## Available data
=== Section Start ===

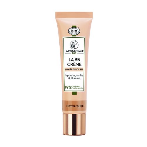 Une belle mine comme sous le soleil de Provence. La Provençale crée La BB Crème Lumière d'Ocres certifiée Bio par Ecocert avec 99% d'ingrédients d'origine naturelle. Une crème teintée qui hydrate 24h*, unifie et illumine le teint. Sa formule soin est enrichie en Huile d'Olive Bio AOP Provence qui apporte nutrition et protection. Sa texture légère et fondante dépose un voile imperceptible sur la peau, elle respire. Avec ses pigments minéraux inspirés des Ocres de Provence, la formule reflète naturellement la lumière pour un teint radieux. Jour après jour, la peau nue est plus éclatante, plus belle. Convient à tous les types de peaux. Non comédogène. Testé sous contrôle dermatologique. Disponible en 5 teintes : Clair / Moyen Clair / Moyen / Moyen Foncé / Foncé Fabriqué en France à Ormes. Tube contenant 49% de plastique recyclé**. * Test instrumental ** Hors colorants, additifs et capsule Un teint unifié et éclatant de beauté : Le teint est homogène : 92%** Le teint est lumineux :
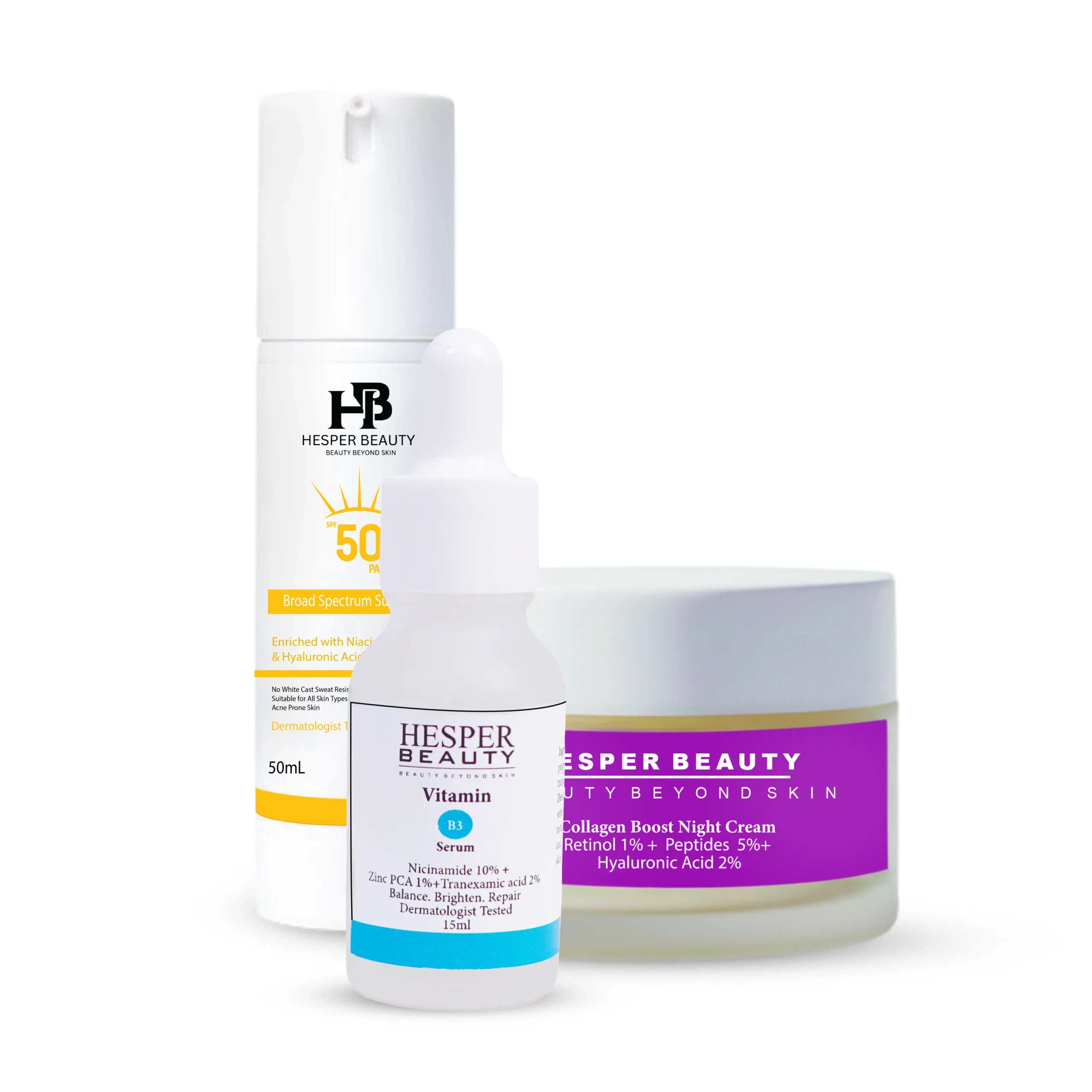Vitamin C is a powerful antioxidant that brightens the skin, evens out skin tone, and helps fade dark spots. It also supports collagen production, which keeps skin firm and youthful-looking.
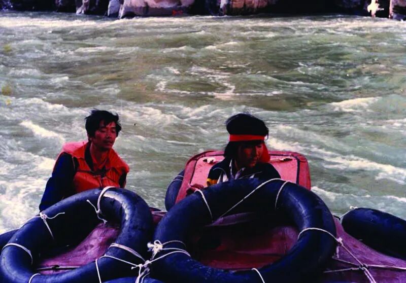 让于忠元感动的是,救了北京队落水队员的郎保洛,还送来一件皮大衣和睡袋——上百公里无人的峡谷,将衣服睡袋给别人,意味着自己受冻。虽然两队一直暗中较劲,但此刻的患难与共,让于忠元感慨:抵达军功乡,后面的风浪更加凶险。军功以上,落差每公里2.8米;而军功以下的拉加峡,每公里落差5.5米,还有一个8米高的大跌水。当真正和大自然交锋,最初一腔热情写下血书的队伍,终于弥漫开一丝丝压抑与恐慌。北京队开始出现两派意见:一派主张采用密封船,桑永利则坚持敞蓬船——“放密封船,那不把北京人的脸丢尽了。河南队就没用密封船。”
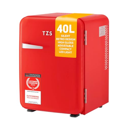 TZS First Austria - Retro Mini Fridge 40L Silent - Small mini fridge in vintage design with interior lighting & 2 door compartments - Minibar for camping, office, bedroom & hotel - red
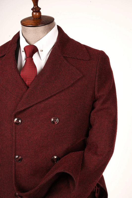 Guild Kavala Kruvaze Diagonal Bordo Yün Kaban
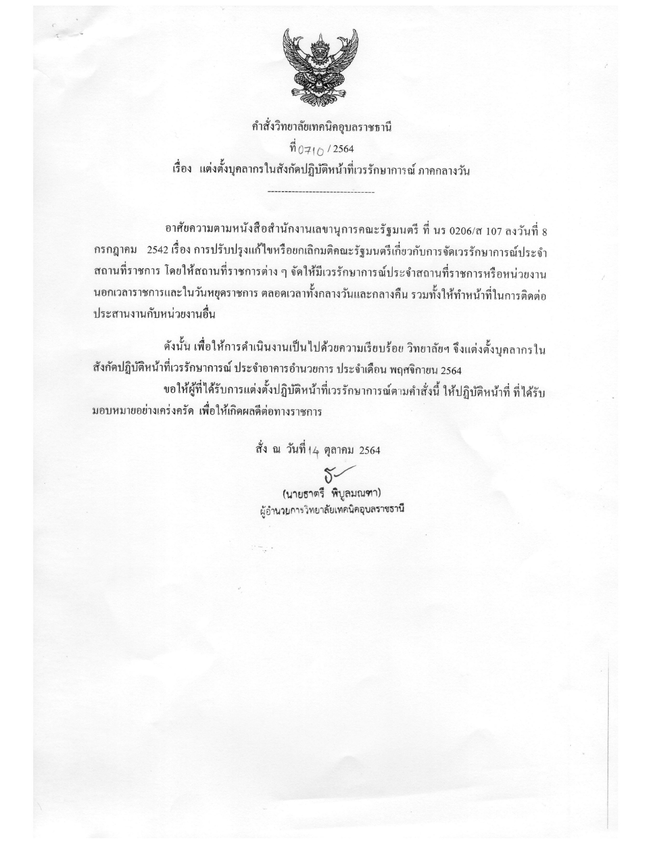 แต่งตั้งบุคคลากรในสังกัดปฏิบัติหน้าที่เวรรักษาการณ์ ภาคกลางวัน ประจำเดือนพฤศจิกายน 2564
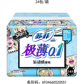 苏菲卫生巾弹力贴身极薄0.1夜用棉柔14片29cm...

=== Section End ===

## Your instructions
Please reproduce, exactly and only, the lines from the line containing "Guild Kavala Kruvaze" through the last line of the material above, minus any pictures.

## The answer
 Guild Kavala Kruvaze Diagonal Bordo Yün Kaban
 แต่งตั้งบุคคลากรในสังกัดปฏิบัติหน้าที่เวรรักษาการณ์ ภาคกลางวัน ประจำเดือนพฤศจิกายน 2564
 苏菲卫生巾弹力贴身极薄0.1夜用棉柔14片29cm...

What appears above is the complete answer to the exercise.